On November 18, 2015, Fairchild Semiconductor entered into an Agreement and Plan of Merger (the “Merger Agreement”) with ON Semiconductor Corporation and its wholly owned subsidiary, Falcon Operations Sub, Inc. (together, “ON Semiconductor”), under which ON Semiconductor agreed to acquire Fairchild Semiconductor. The total transaction value is expected to be approximately $2.4 billion. Under the terms of the Merger Agreement, on December 4, 2015, ON Semiconductor commenced a tender offer to acquire outstanding shares of Fairchild Semiconductor common stock from our stockholders for $20.00 per share, net to each holder in cash (the “Offer Price”). The tender offer is described in a Tender Offer Statement on Schedule TO filed by ON Semiconductor with the Securities and Exchange Commission on December 4, 2015 (as amended, the “ON Schedule TO”). The closing of the tender offer is subject to various conditions, including there being validly tendered in the tender offer at least a majority of our then-outstanding shares, and the receipt of customary regulatory approvals in the U.S. and other countries. Following receipt of those approvals and after such time as all shares tendered in the tender offer are accepted for payment, the Merger Agreement provides for the parties to effect a merger which would result in all shares not tendered in the tender offer (other than shares held by (i) ON Semiconductor, Fairchild Semiconductor or their respective subsidiaries immediately prior to the effective time of the merger, and (ii) stockholders of Fairchild Semiconductor who properly exercised their appraisal rights under the Delaware General Corporation Law) being converted into the right to receive the Offer Price. In addition, immediately prior to the effective time of the merger, all outstanding options to purchase shares of Fairchild Semiconductor common stock, restricted stock units, deferred stock units and performance units will become fully vested and be converted into the right to receive the Offer Price (net of any applicable exercise price with respect to options).

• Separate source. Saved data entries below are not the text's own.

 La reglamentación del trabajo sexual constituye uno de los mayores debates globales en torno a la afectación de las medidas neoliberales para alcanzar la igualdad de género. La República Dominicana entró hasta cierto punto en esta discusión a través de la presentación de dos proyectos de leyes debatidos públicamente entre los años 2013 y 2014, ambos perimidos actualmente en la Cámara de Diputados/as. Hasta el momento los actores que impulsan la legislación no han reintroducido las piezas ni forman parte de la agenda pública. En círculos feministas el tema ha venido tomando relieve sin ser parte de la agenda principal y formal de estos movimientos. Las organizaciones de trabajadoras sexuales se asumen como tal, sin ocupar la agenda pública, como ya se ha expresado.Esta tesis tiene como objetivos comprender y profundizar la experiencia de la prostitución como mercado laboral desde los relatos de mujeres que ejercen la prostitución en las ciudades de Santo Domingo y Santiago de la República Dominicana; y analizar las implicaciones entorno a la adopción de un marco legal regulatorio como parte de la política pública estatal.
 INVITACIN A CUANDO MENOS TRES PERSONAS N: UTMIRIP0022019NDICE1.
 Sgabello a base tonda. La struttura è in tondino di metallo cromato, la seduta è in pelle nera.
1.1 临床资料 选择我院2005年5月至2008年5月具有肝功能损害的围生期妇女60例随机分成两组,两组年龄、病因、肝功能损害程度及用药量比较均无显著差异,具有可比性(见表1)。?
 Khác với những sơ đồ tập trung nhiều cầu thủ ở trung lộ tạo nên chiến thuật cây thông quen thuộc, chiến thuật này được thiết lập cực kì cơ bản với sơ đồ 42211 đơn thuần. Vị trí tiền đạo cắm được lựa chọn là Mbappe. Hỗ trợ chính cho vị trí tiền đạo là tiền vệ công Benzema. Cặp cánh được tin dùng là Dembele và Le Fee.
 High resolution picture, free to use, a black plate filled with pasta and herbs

At the completion of the merger, Fairchild Semiconductor would become a wholly-owned subsidiary of ON Semiconductor. Additional information about our pending acquisition by ON Semiconductor is available in the Solicitation/Recommendation Statement on Schedule 14D-9 filed with the Securities and Exchange Commission by Fairchild Semiconductor International, Inc. (as amended, our “Schedule 14D-9”). The foregoing description of the Merger Agreement and the terms and conditions of the tender offer and merger do not purport to be complete and are qualified in their entirety by reference to the Merger Agreement, to our Schedule 14D-9, and to ON Semiconductor’s tender offer to purchase and other related documents, copies of which are filed as Exhibits (e)(1) and (a)(1)(A), respectively, of our Schedule 14D-9, all of which are incorporated herein by reference. The Merger Agreement is also filed as Exhibit 2.01 to our Annual Report on Form 10-K for the year ended December 27, 2015. The transaction is expected to close in the third quarter of 2016.